O Blog do Leonardo Alves apurou, por meio de consulta ao processo nº 1013495-75.2023.4.01.3702, que a CODEVASF (Companhia de Desenvolvimento dos Vales do São Francisco e do Parnaíba) apresentou manifestação na Justiça Federal afirmando que o ex-prefeito de Codó, Francisco Nagib Buzar de Oliveira, foi notificado diversas vezes sobre irregularidades relacionadas a um convênio federal de recuperação de estradas vicinais, mas não regularizou as pendências apontadas pela estatal.
Segundo a CODEVASF, Francisco Nagib era o gestor responsável pela prestação de contas do Convênio nº 8.006.00/2013 – SICONV nº 768703/2011, no valor de R$ 990 mil, e tinha obrigação legal de comprovar a correta aplicação dos recursos públicos federais.
Na manifestação protocolada no processo, a estatal afirma que encaminhou diversos ofícios entre os anos de 2017 e 2020 cobrando correções técnicas, regularização das metas do convênio e apresentação da prestação de contas.
A empresa pública também destacou que o então prefeito chegou a enviar ofícios tentando regularizar pendências durante a execução do convênio, o que, segundo a CODEVASF, demonstra que ele tinha conhecimento das irregularidades e da necessidade de prestar contas. Mesmo após as notificações e alertas emitidos pela estatal federal, a CODEVASF sustenta que o ex-prefeito não solucionou as pendências apontadas no convênio.

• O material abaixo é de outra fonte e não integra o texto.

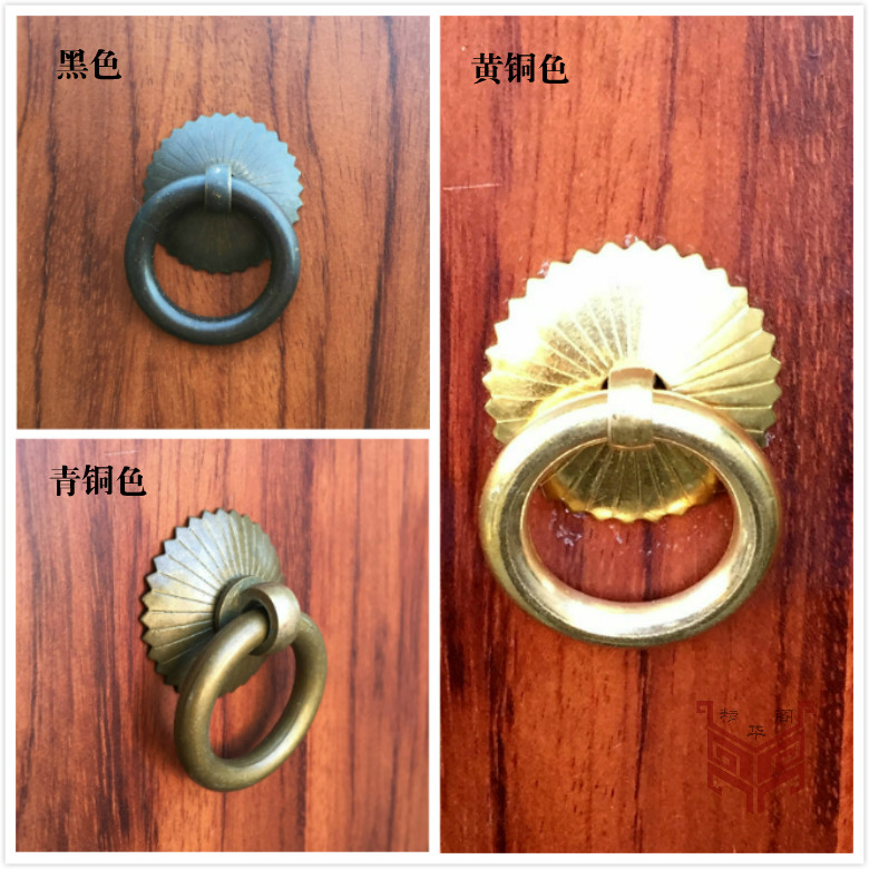 Copper pull ring Chinese style antique pure copper furniture cabinet door ring simple copper ring drawer Chinese medicine cabinet cabinet handle handle
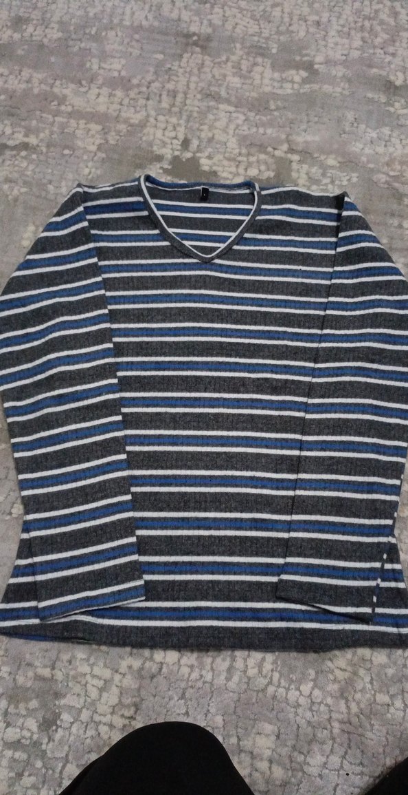 Kadınlar için uzun kollu, V yakalı gri, mavi ve beyaz çizgili triko. Rahat kesimli, normal boyda ve yumuşak sentetik kumaştan, günlük sokak stili için uygundur.
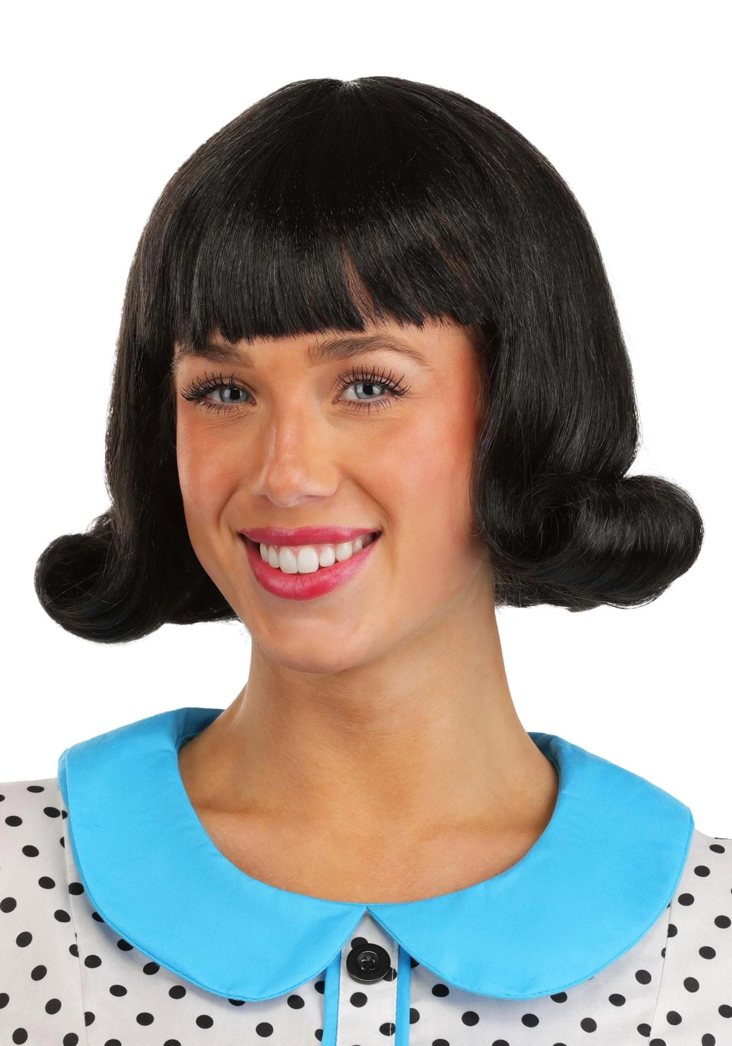 This is an exclusive Women’s Black 50’s Flip Costume Wig.
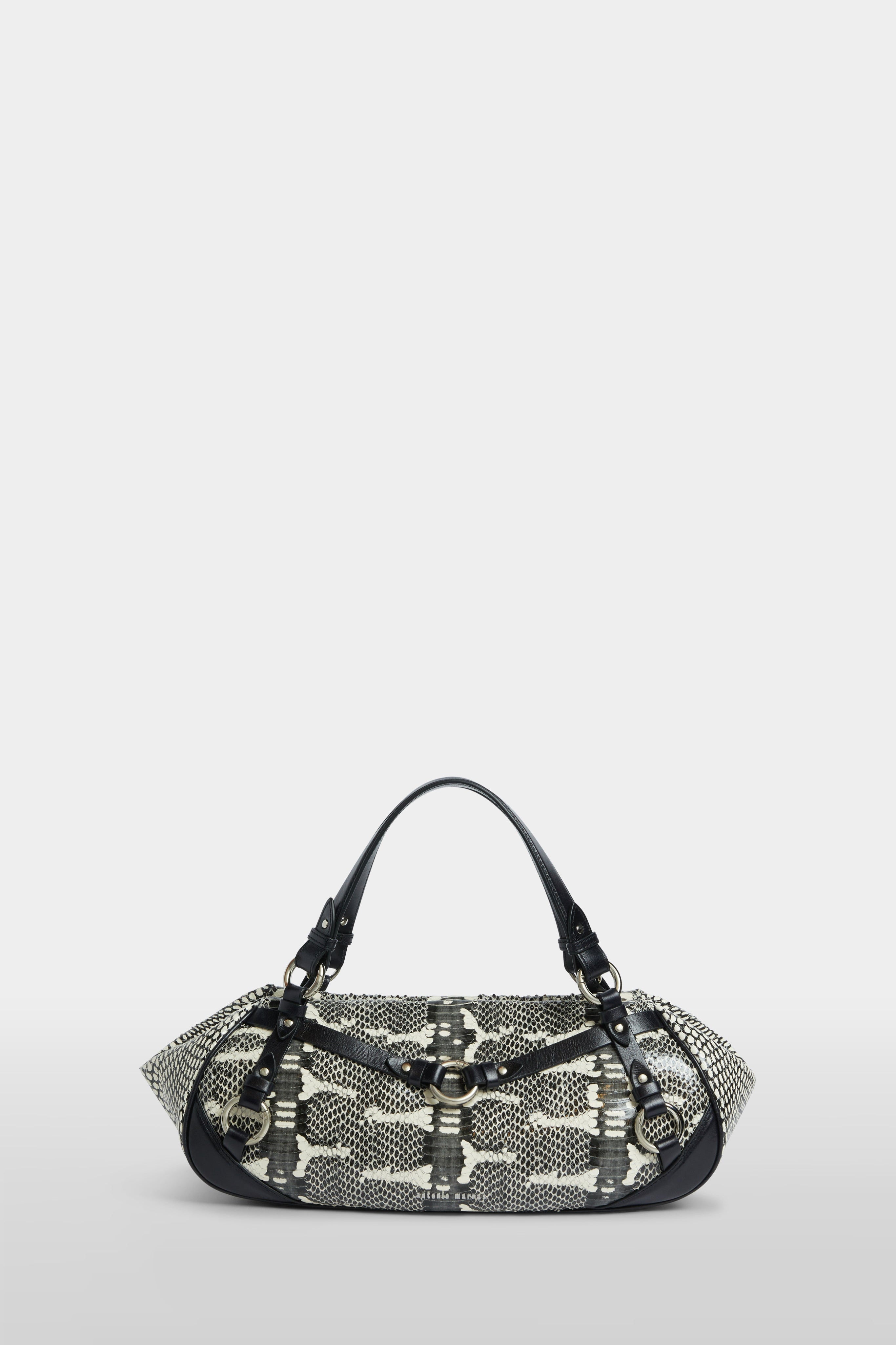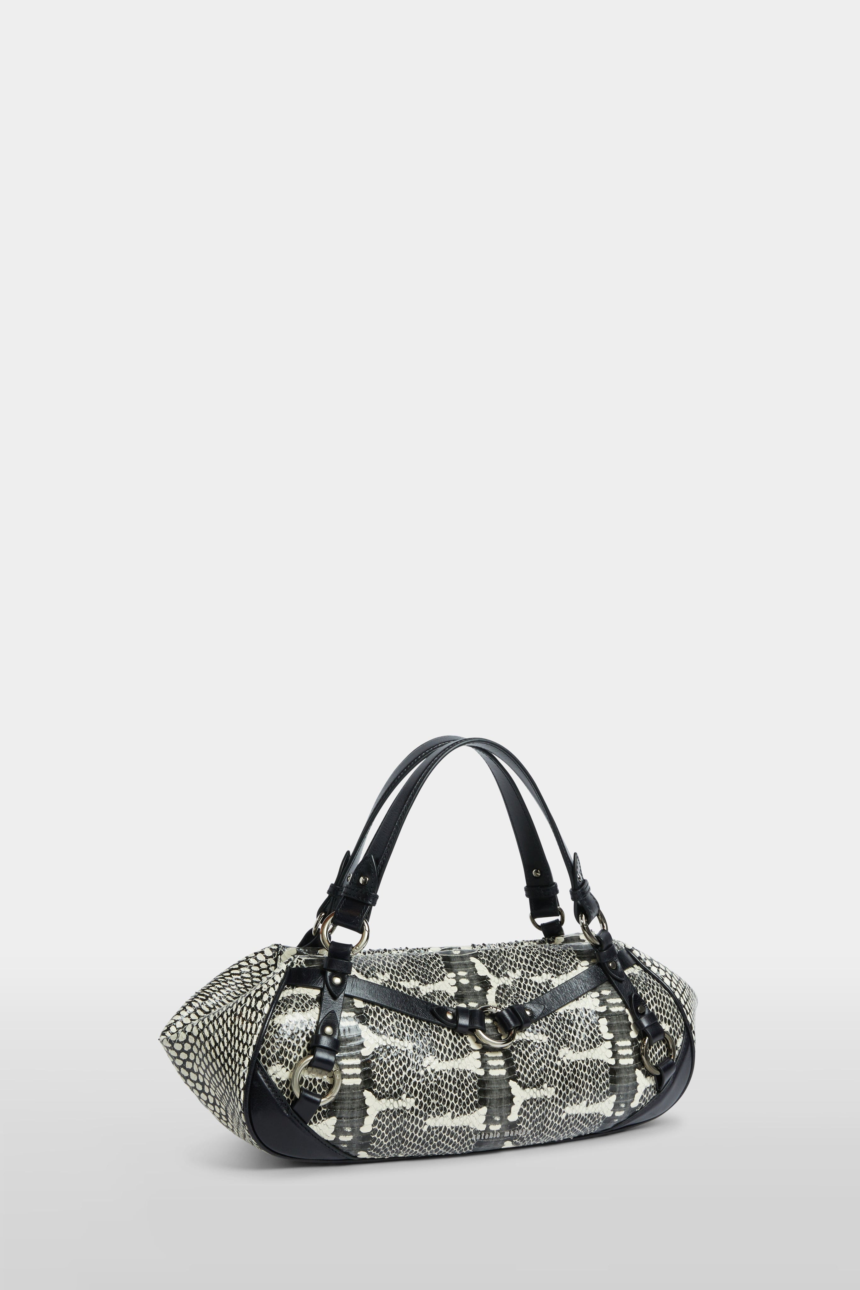 • Women’s bowling bag crafted in 100% python-effect bovine leather. Features double top handles, leather strap detailing with metal rings, and a spacious interior with zip closure. A striking accessory that combines elegance with an edgy twist.
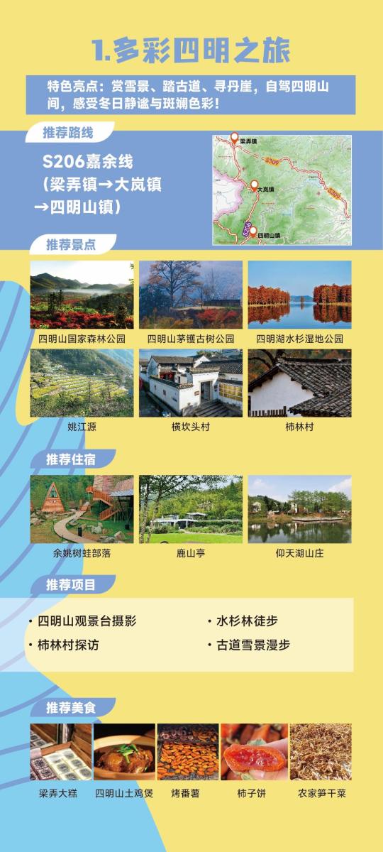 推荐项目:四明山观景台摄影、水杉林徒步、柿林村探访、古道雪景漫步
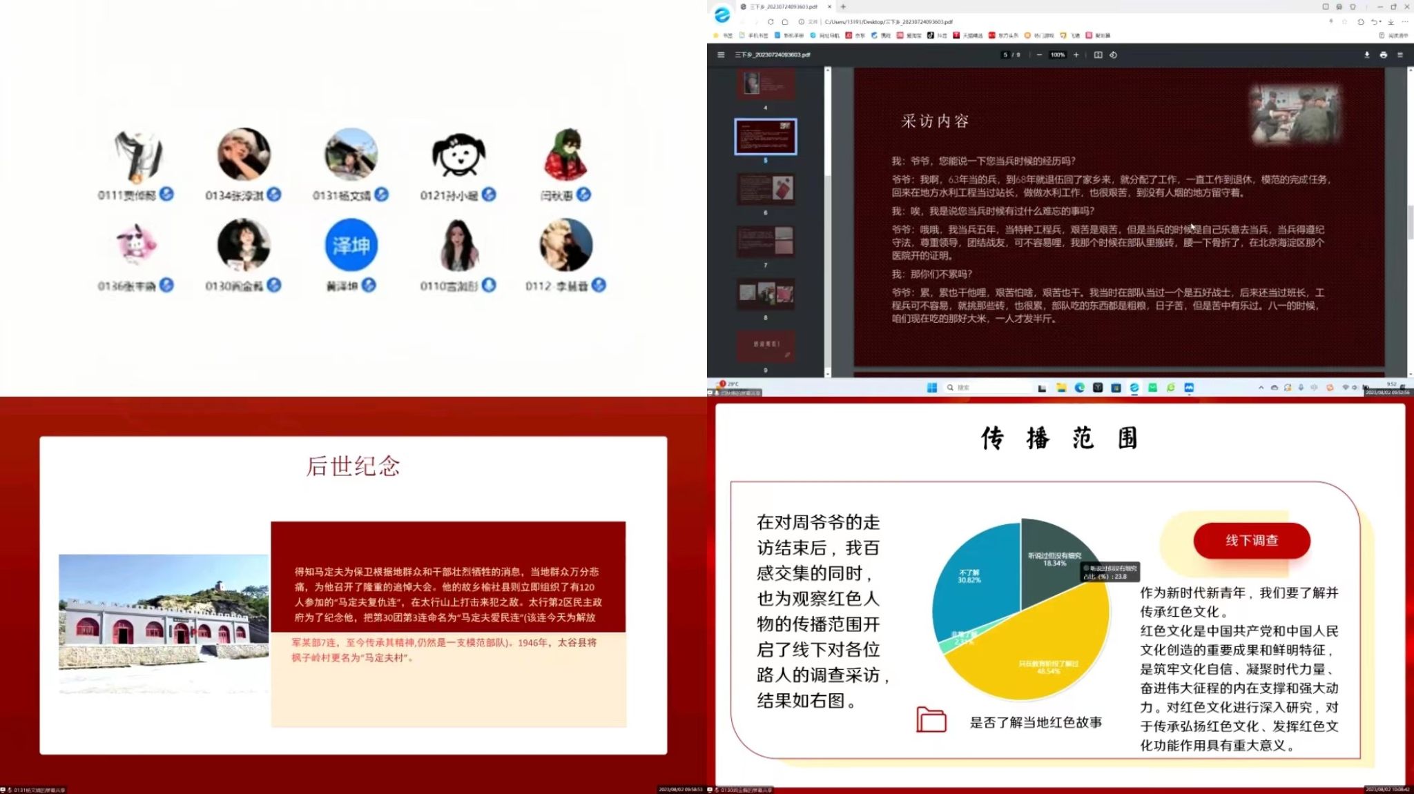 为深入学习贯彻党的二十大精神,用党的科学理论武装青年,用党的初心使命感召青年。乐天使“红色角落,你我寻觅”第六组同学于2023年8月2日开展线上分享会,围绕自己家乡周边的红色文化故事进行交流分享。

Com base nisso, o órgão entende que a conduta pode se enquadrar no artigo 11, inciso VI, da Lei de Improbidade Administrativa, dispositivo que trata da omissão dolosa em prestar contas quando o gestor possui condições de fazê-lo.
A manifestação foi apresentada após a Justiça Federal determinar que a ação fosse reforçada, com detalhamento da suposta conduta dolosa atribuída ao ex-prefeito no processo de improbidade administrativa.